During the cool season, the days are pleasant to warm but the mornings are quite cold. Sometimes, the temperature drops to as low as -2 C. It is also windy and foggy in this season. In January 2009, a cold wave caused temperatures to drop to 0 C.
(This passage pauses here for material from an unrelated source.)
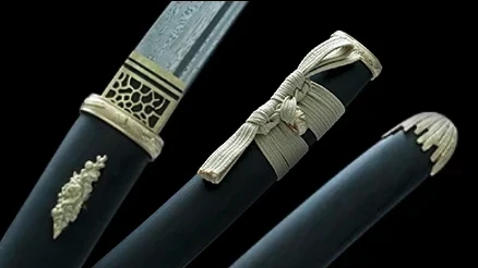 - Saya (鞘): musta eebenpuinen tuppi, jossa kullattu messinkikoriste Kojirissa (tupen päässä) ja Koiguchissa (sageo/suojuspuolella).

Climate data for Hakha (1991–2020)
| Month | Jan | Feb | Mar | Apr | May | Jun | Jul | Aug | Sep | Oct | Nov | Dec | Year |
| Record high °C (°F) | 24.9 (76.8) | 26.4 (79.5) | 29.5 (85.1) | 32.5 (90.5) | 30.6 (87.1) | 30.0 (86.0) | 30.0 (86.0) | 28.0 (82.4) | 26.6 (79.9) | 27.0 (80.6) | 26.2 (79.2) | 24.7 (76.5) | 32.5 (90.5) |
| Mean daily maximum °C (°F) | 18.7 (65.7) | 20.6 (69.1) | 23.2 (73.8) | 25.0 (77.0) | 24.4 (75.9) | 23.2 (73.8) | 22.4 (72.3) | 22.1 (71.8) | 22.2 (72.0) | 21.5 (70.7) | 19.8 (67.6) | 18.5 (65.3) | 21.8 (71.2) |
| Daily mean °C (°F) | 10.5 (50.9) | 12.5 (54.5) | 15.7 (60.3) | 18.1 (64.6) | 19.0 (66.2) | 19.4 (66.9) | 19.2 (66.6) | 18.9 (66.0) | 18.6 (65.5) | 17.0 (62.6) | 13.4 (56.1) | 10.6 (51.1) | 16.1 (61.0) |
| Mean daily minimum °C (°F) | 2.2 (36.0) | 4.5 (40.1) | 8.3 (46.9) | 11.2 (52.2) | 13.6 (56.5) | 15.7 (60.3) | 16.0 (60.8) | 15.8 (60.4) | 15.0 (59.0) | 12.5 (54.5) | 7.0 (44.6) | 2.7 (36.9) | 10.4 (50.7) |
| Record low °C (°F) | −6.0 (21.2) | −5.0 (23.0) | −1.0 (30.2) | 4.6 (40.3) | 6.4 (43.5) | 10.0 (50.0) | 10.4 (50.7) | 10.7 (51.3) | 9.0 (48.2) | 3.5 (38.3) | −3.8 (25.2) | −4.8 (23.4) | −6.0 (21.2) |
| Average precipitation mm (inches) | 12.1 (0.48) | 11.1 (0.44) | 27.2 (1.07) | 66.0 (2.60) | 186.9 (7.36) | 261.5 (10.30) | 335.2 (13.20) | 351.6 (13.84) | 317.1 (12.48) | 205.3 (8.08) | 37.6 (1.48) | 14.2 (0.56) | 1,825.7 (71.88) |
| Average precipitation days (≥ 1.0 mm) | 1.0 | 1.8 | 3.0 | 6.8 | 13.5 | 20.3 | 23.7 | 23.3 | 20.7 | 15.8 | 4.4 | 1.1 | 135.4 |
Source 1: World Meteorological Organization
Source 2: Norwegian Meteorological Institute (extremes), NOAA (extremes)

== Culture ==
=== Religion ===
Most Chin people living in Hakha are Christians; therefore, they do not work on Sundays.

== Important sites ==
- Chin State Cultural Museum
- Rev. Van Hre Villa (Chin Traditional House)
- Missionaries' Cemetery
- East Bungalow
- Hakha Baptist Church

== Education ==
- Hakha University
- Hakha Educational College
- Chin Christian University
- Government Technical Institute, Hakha

== Sport ==
The 4,000-seat Wanthu Maung Stadium, a home stadium for Chin United F.C, was under construction as of 2017.

The UFC Flyweight Champion Joshua Van was born in Hakha and lived there until the age of 10.